A newer version of the Gradio SDK is available: 6.13.0

Upgrade

CUDA Kernel Troubleshooting Guide

Overview

This guide covers common issues encountered when developing, building, and integrating custom CUDA kernels for the HuggingFace Kernels ecosystem. Issues are organized by category: build issues, performance issues, integration issues, torch.compile compatibility, and debugging tips.

Build Issues

Type Conversion Errors

Error: error: no suitable conversion function from "__nv_bfloat16" to "float" exists

This is the most common build error. CUDA does not allow implicit conversion between __nv_bfloat16 and float.

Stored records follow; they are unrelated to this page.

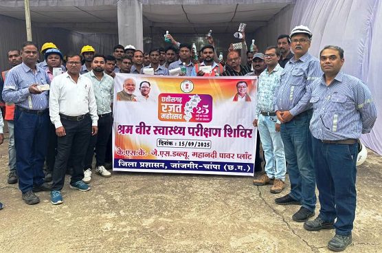 जांजगीर-चांपा,15 सितंबर (वेदांत समाचार) : कलेक्टर जन्मेजय महोबे के निर्देशन में रजत जयंती महोत्सव सप्ताह के अवसर पर श्रम विभाग द्वारा के.एस. के. जे.एस. डब्ल्यू महानदी पावर प्लांट अकलतरा में श्रम वीर स्वास्थ्य परीक्षण शिविर का आयोजन किया गया।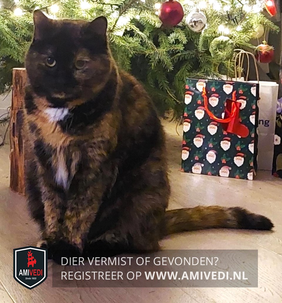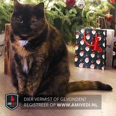 | Signalement | Schildpad met wit. Voornamelijk zwart met rood gemêleerd, voorhoofd voor de oren, neusbrug, neus, neusje en rechterkant snoet zwart, net onder de hals een witte vlek, op de borst rode vlek, onder de borst tussen de voorpoten een witte vlek, poten zwarte voetjes, aan het rechter voorpoot een rode teen, aan het einden van de staart cypers rood geringd en een zwarte staartpunt. |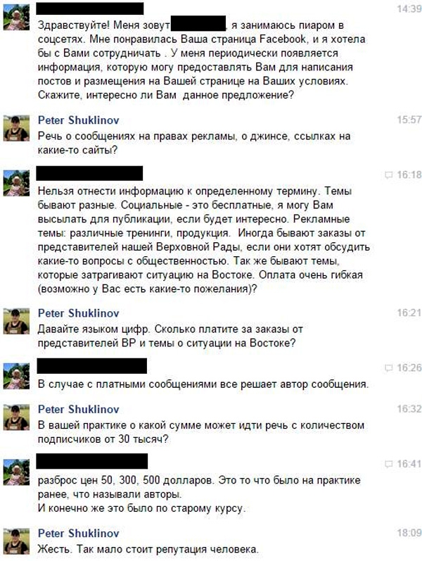 Скрин переписки журналист опубликовал с комментарием: «Все покупается и продается. Особенно если речь идет об "opinion leaders" в FB. Репутация людей, на которых вы подписаны, оценивается в $50-500. Если верить этой женщине, то некоторые авторы уже продали свою честь (за 50, 300, 500 долларов). Вы уверены, что когда читаете какого-то человека в FB, то с вами делятся мыслями, а не промывают мозги за деньги кукловодов? Будьте внимательны. Доверяйте людям, но всегда помните, что они алчны и запросто могут конвертировать ваше доверие в баксы. Имя вербовщика убрал, чтобы этой записью не помогать ей "клиентскую" базу пополнять. Пойду руки помою».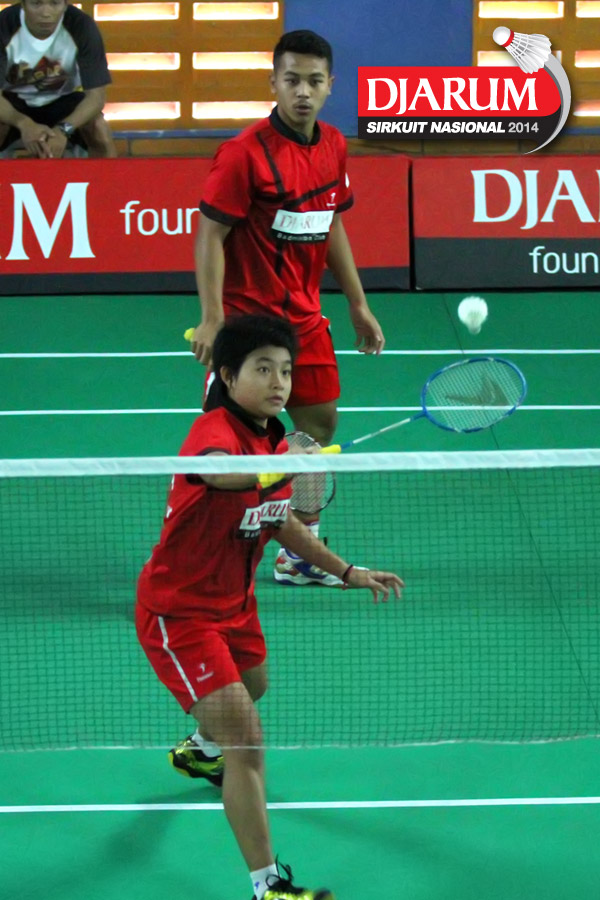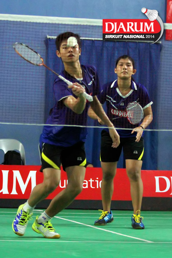 Beno Drajat/Yulfira Barkah (Mutiara Bandung) mengembalikan shuttlecock ke arah Jeka Wiratama/Chintia Rhizta (PB Djarum).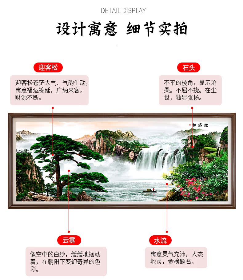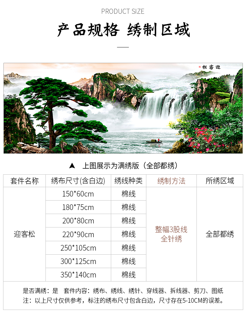 迎客松十字繡2022新款客廳山水畫風景大氣滿繡手工自繡2023線繡刺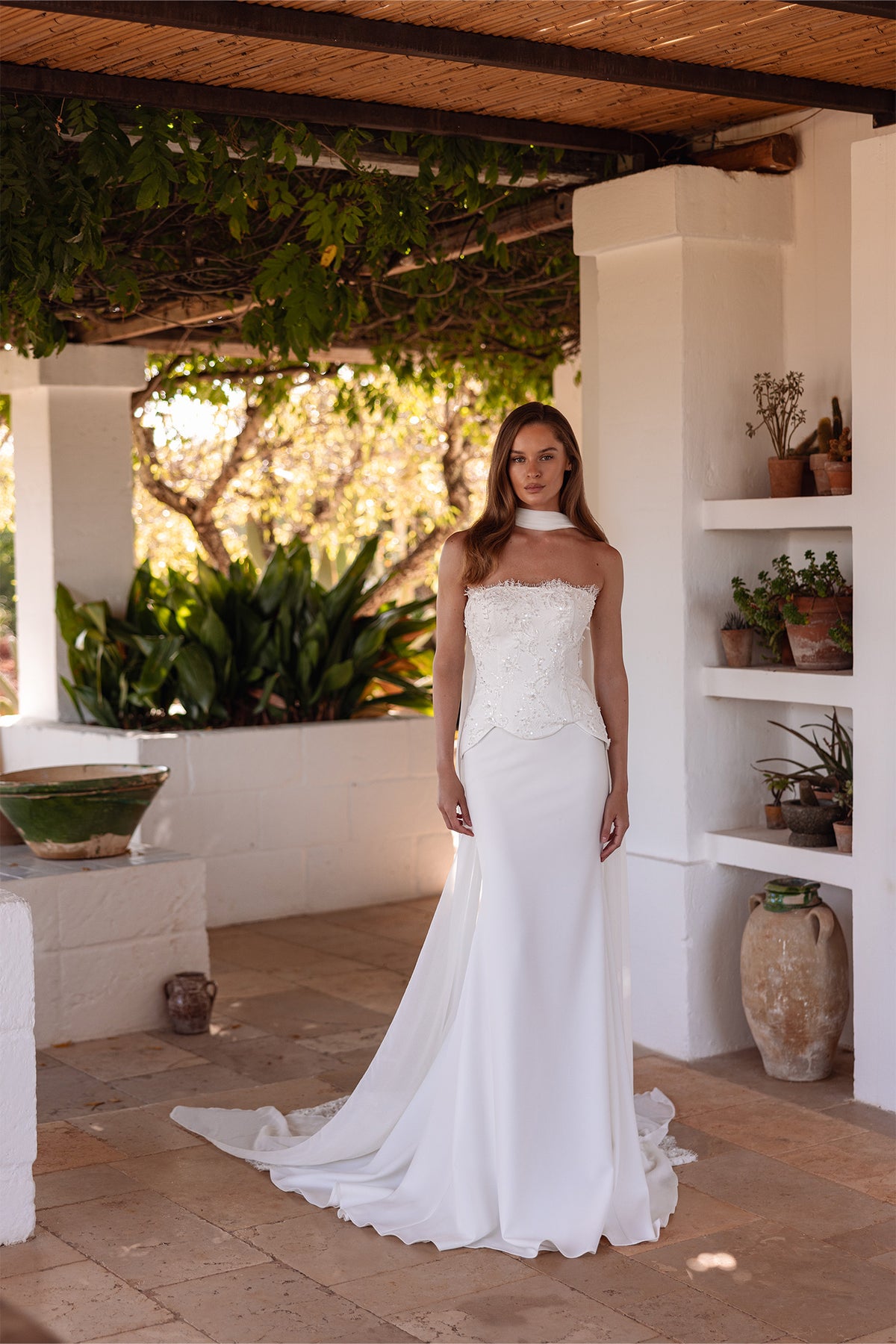 Slip into pure elegance with the Maria Anette 5822—a show-stopping off-shoulder mermaid gown that's all about drama and romance. This sleeveless stunner features a daring open back that'll have everyone talking, while the sheath silhouette hugs you in all the right ways before flaring into a gorgeous mermaid hem. Perfect for brides who dare to be bold, this dress transforms you into the main event. Timeless, daring, unforgettable.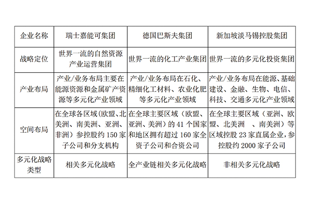 本文選取瑞士嘉能可集團公司、德國巴斯夫集團公司、新加坡淡馬錫集團公司等兩類、三家世界一流標(biāo)桿企業(yè),開展多元化戰(zhàn)略的對標(biāo)分析,從中提煉出大企業(yè)集團如何更好開展多元化戰(zhàn)略的借鑒與啟示(見下表),分述如下。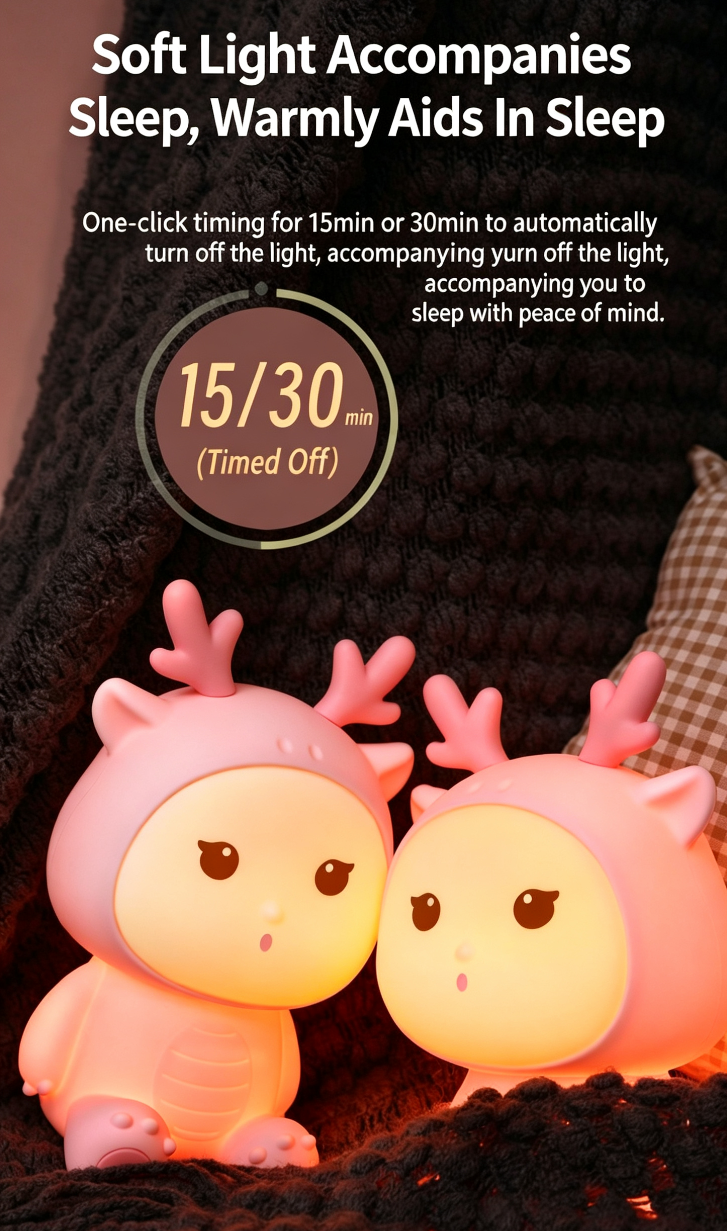 5. Timed Auto-Off: Choose 15 or 30-minute sleep timer to automatically turn off the light, helping kids fall asleep without leaving it on all night.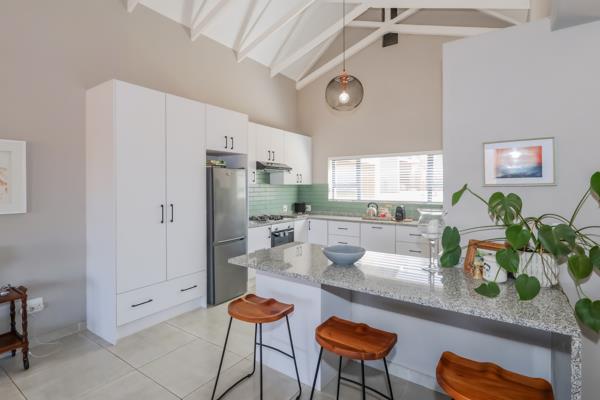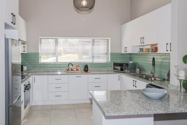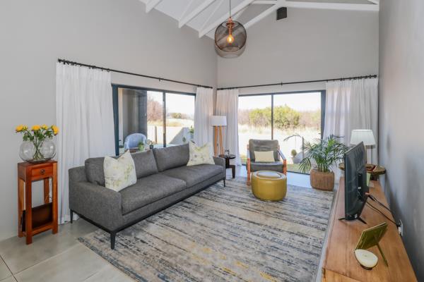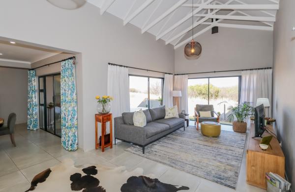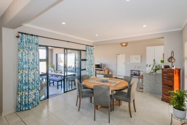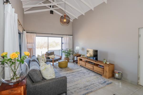 Modern Bushveld Retreat with Dam Views in Leloko. The perfect lock up and go! This modernly designed home features an open-plan layout. The stunning kitchen, offering ample cupboard space, effortlessly flows into the open-plan lounge and dining area. Vaulted ceilings gives an open and spacious feeling. Sliding doors from both the lounge and dining room open onto the braai area, offering uninterrupted views of the bushveld and Hartbeespoort Dam. The braai area is fitted with Trellis security doors and adjustable louvre awnings, allowing for both safety and versatile outdoor living.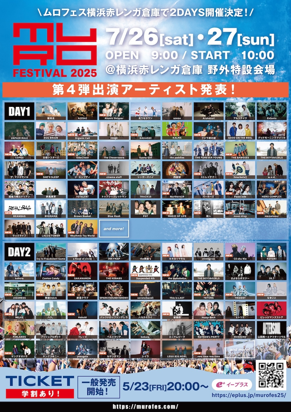 7月26日(土)・27日(日)に横浜赤レンガ倉庫にて開催される『MURO FESTIVAL 2025』の第四弾出演アーティスト39組が発表された。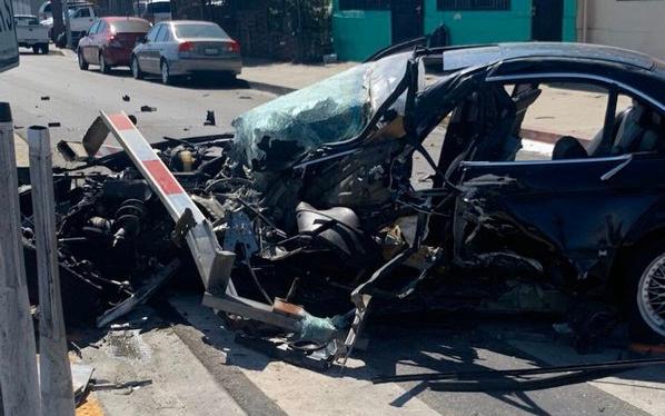 Un conductor imprudente protagonizó un accidente vial cuando intentó cruzar un paso a nivel del metro de Los Ángeles (California, EE.UU.) en un momento inadecuado y un tren a toda marcha embistió su auto el pasado 3 de marzo.

// BAD: Implicit conversion
__nv_bfloat16 val = input[idx];
float result = val * 2.0f;  // ERROR: no implicit conversion

// GOOD: Explicit conversion
__nv_bfloat16 val = input[idx];
float result = __bfloat162float(val) * 2.0f;

Error: error: no operator "*" matches these operands (operand types are: __nv_bfloat16 * float)

You cannot mix BF16 and FP32 in arithmetic operations:

// BAD: Mixed types
__nv_bfloat16 a = input[idx];
float b = 2.0f;
auto c = a * b;  // ERROR

// GOOD: Convert to same type first
__nv_bfloat16 a = input[idx];
float b = 2.0f;
float c = __bfloat162float(a) * b;  // OK: both float

Error: error: no suitable constructor exists to convert from "float" to "__nv_bfloat16"

// BAD: Direct assignment
__nv_bfloat16 val = 1.0f;  // ERROR

// GOOD: Use conversion function
__nv_bfloat16 val = __float2bfloat16(1.0f);  // OK

Error: error: identifier "__nv_bfloat16" is undefined

Missing header include:

// Add this at the top of your .cu file:
#include <cuda_bf16.h>    // For __nv_bfloat16, __nv_bfloat162
#include <cuda_fp16.h>    // For half, half2

Error: error: calling a __host__ function from a __global__ function is not allowed

Using host-only functions in device code:

// BAD: printf is not always available in device code
__global__ void kernel() {
    printf("debug: %f\n", val);  // May fail depending on compute capability
}

// If you need printf in device code, ensure you compile with:
// -arch=sm_XX where XX >= 20 (all modern GPUs support this)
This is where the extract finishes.